Exercise details: Give the listing again word for word, excluding the pictures it contains.

The data:
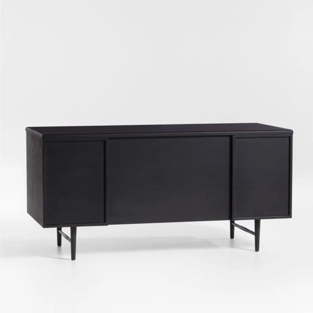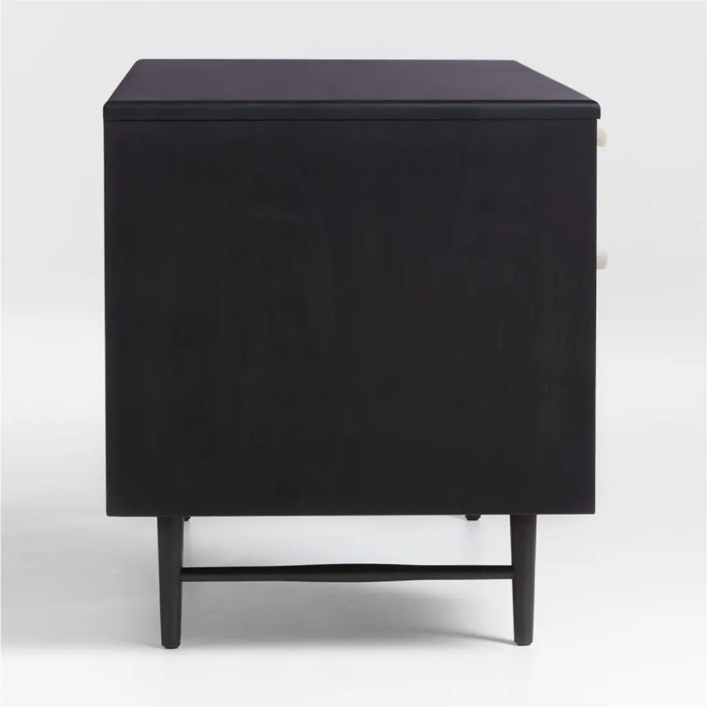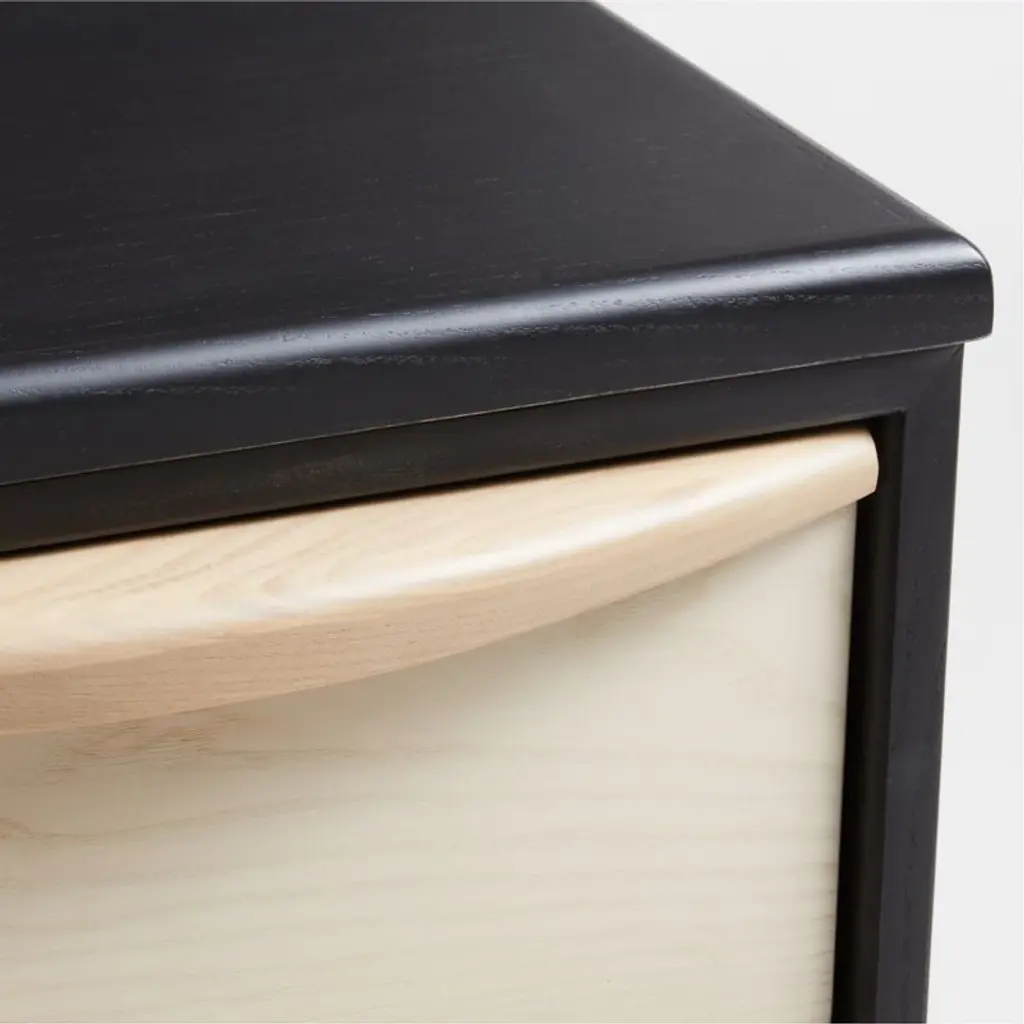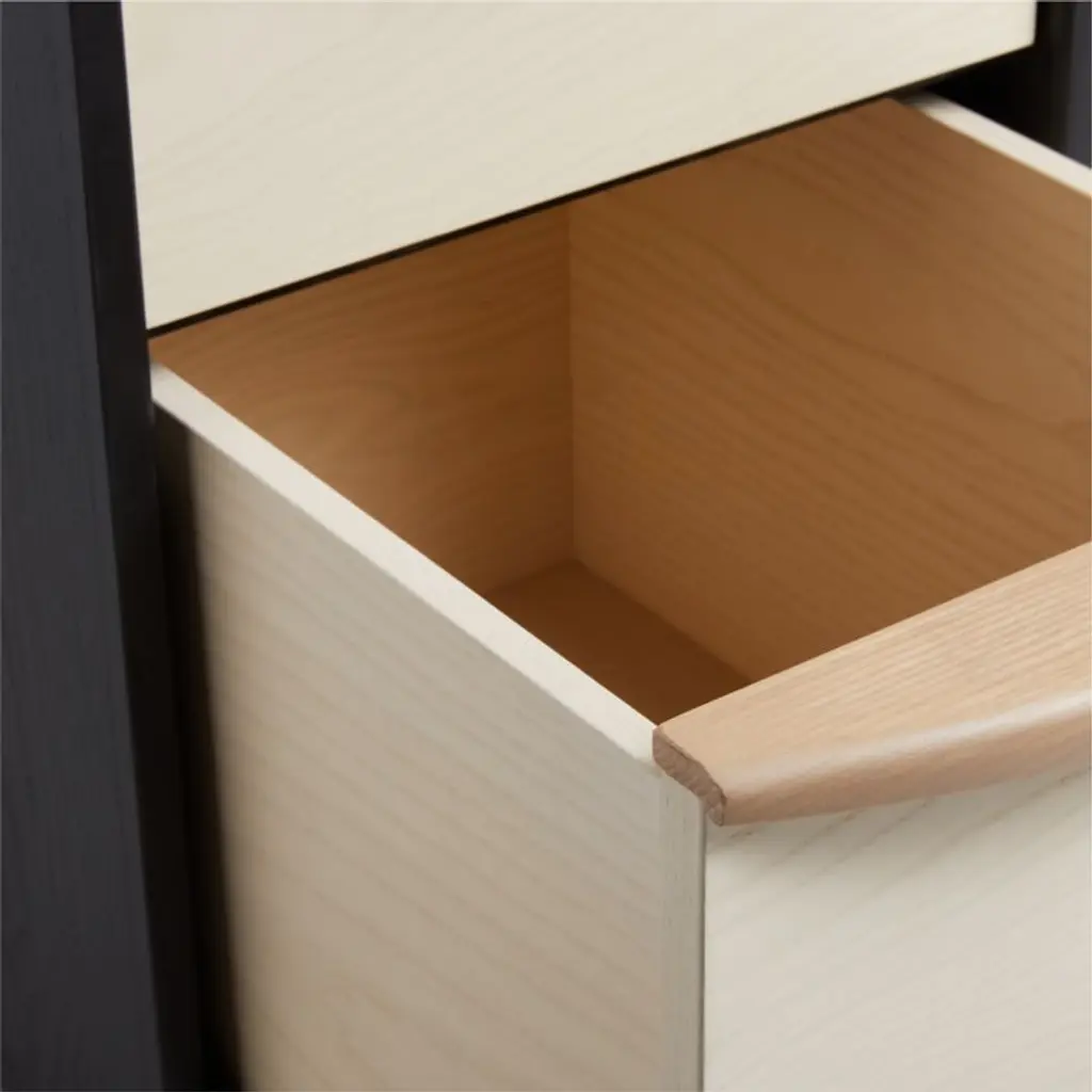 French modern meets Scandinavian mid-century in the stylish mix of our Kaufman desk. The combination of finishes on the ash desk adds graphic interestblack bringing the streamlined frame into sharp silhouette while whitewashed drawer fronts and natural pulls create contrast. We love the pillowed profile of the pulls that add subtle curves to the clean lines. Five drawers provide lots of storage, including one that accommodates letter and legal files. Fully finished, the desk is designed to float in the room for added versatility.
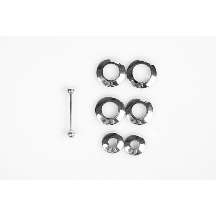 Piercing med 6 ringer i 3 forskjeligge størrelser.
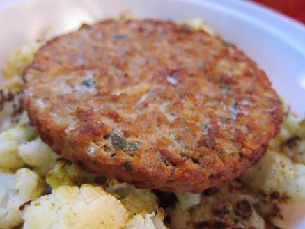 Knowing that I had curried cauliflower and a flavorful Morningstar Asian veggie burger waiting for me made me long for noon all morning.
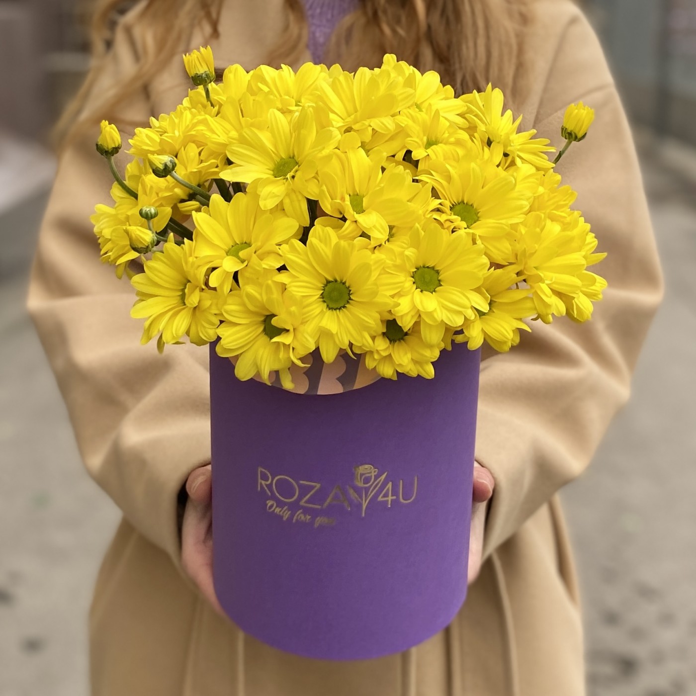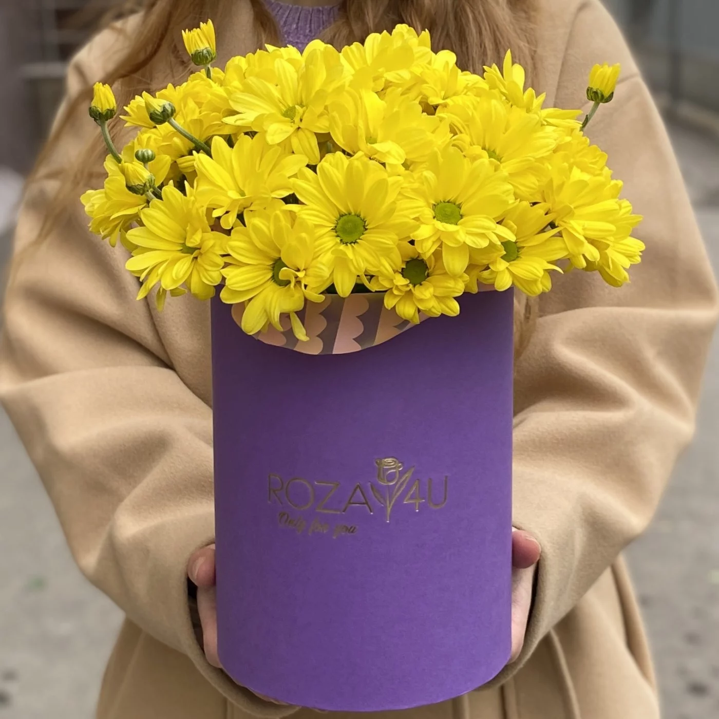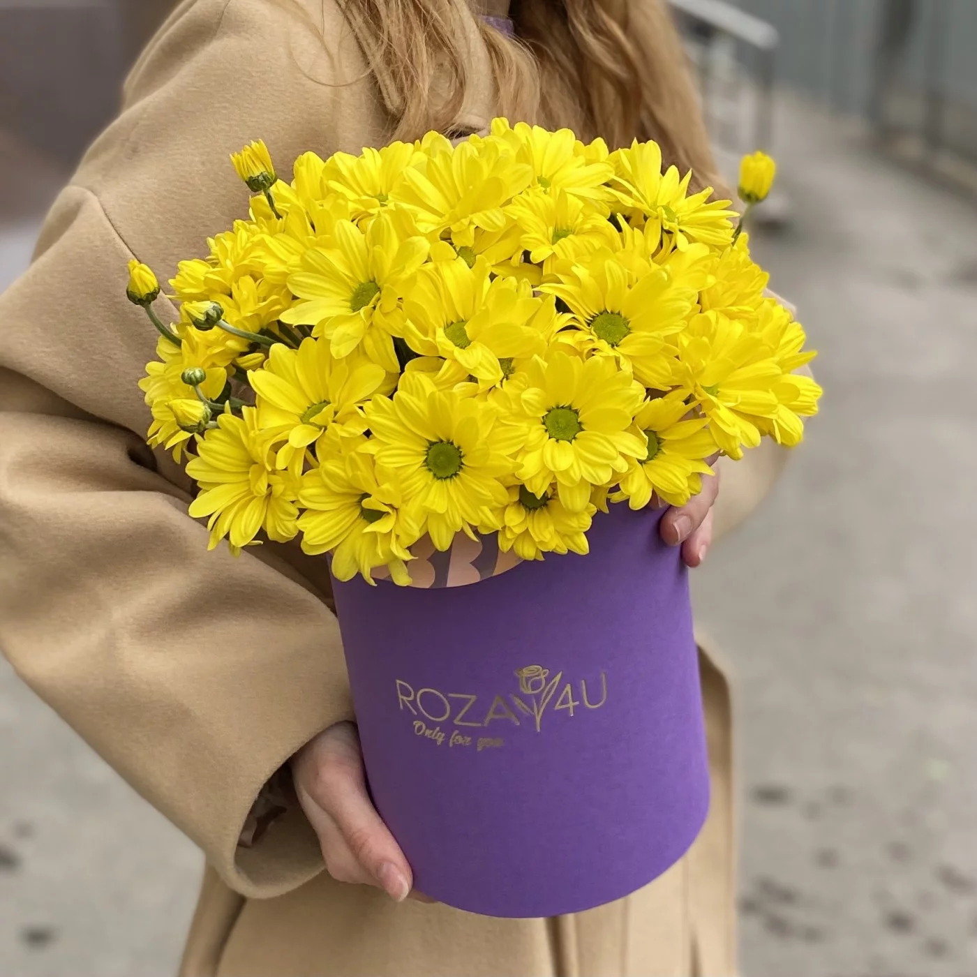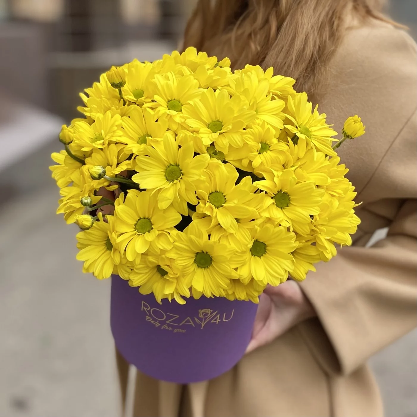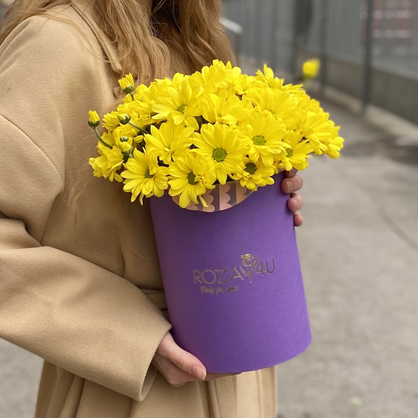 5 желтых хризантем в шляпной коробке станет оригинальным подарком.

Result:
 French modern meets Scandinavian mid-century in the stylish mix of our Kaufman desk. The combination of finishes on the ash desk adds graphic interestblack bringing the streamlined frame into sharp silhouette while whitewashed drawer fronts and natural pulls create contrast. We love the pillowed profile of the pulls that add subtle curves to the clean lines. Five drawers provide lots of storage, including one that accommodates letter and legal files. Fully finished, the desk is designed to float in the room for added versatility.
 Piercing med 6 ringer i 3 forskjeligge størrelser.
 Knowing that I had curried cauliflower and a flavorful Morningstar Asian veggie burger waiting for me made me long for noon all morning.
 5 желтых хризантем в шляпной коробке станет оригинальным подарком.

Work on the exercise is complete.